START Exercise material
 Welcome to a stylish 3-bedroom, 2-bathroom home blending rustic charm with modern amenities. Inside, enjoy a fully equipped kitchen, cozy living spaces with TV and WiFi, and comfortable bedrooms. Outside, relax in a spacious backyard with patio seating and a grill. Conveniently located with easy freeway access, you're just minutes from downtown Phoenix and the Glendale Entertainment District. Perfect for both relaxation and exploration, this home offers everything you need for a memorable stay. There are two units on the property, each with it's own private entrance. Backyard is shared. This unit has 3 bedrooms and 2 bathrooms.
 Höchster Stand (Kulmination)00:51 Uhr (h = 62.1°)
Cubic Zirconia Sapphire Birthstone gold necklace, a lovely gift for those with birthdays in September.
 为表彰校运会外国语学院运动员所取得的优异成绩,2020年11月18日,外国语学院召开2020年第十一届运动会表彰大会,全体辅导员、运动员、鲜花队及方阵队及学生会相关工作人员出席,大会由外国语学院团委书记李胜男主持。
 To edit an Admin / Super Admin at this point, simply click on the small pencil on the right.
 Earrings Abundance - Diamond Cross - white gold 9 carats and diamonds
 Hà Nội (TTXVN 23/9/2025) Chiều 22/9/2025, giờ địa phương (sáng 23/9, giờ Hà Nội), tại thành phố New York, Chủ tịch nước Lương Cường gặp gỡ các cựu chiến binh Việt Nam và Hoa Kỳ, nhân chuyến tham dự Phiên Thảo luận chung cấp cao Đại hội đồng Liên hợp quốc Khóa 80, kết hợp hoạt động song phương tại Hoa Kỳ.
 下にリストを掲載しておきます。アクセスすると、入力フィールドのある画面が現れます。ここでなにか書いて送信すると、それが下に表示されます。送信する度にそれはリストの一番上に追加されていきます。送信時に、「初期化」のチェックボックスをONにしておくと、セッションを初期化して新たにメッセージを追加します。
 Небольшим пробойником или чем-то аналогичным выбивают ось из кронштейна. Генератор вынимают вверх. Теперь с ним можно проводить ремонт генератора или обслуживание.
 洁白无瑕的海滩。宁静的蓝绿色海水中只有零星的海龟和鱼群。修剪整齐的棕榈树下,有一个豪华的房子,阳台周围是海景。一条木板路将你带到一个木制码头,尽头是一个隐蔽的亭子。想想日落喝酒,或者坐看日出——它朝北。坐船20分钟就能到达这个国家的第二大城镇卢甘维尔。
END Exercise material
Brief.
All lines with the word "gold" need to be copied from the data above.

Task response.
Cubic Zirconia Sapphire Birthstone gold necklace, a lovely gift for those with birthdays in September.
 Earrings Abundance - Diamond Cross - white gold 9 carats and diamonds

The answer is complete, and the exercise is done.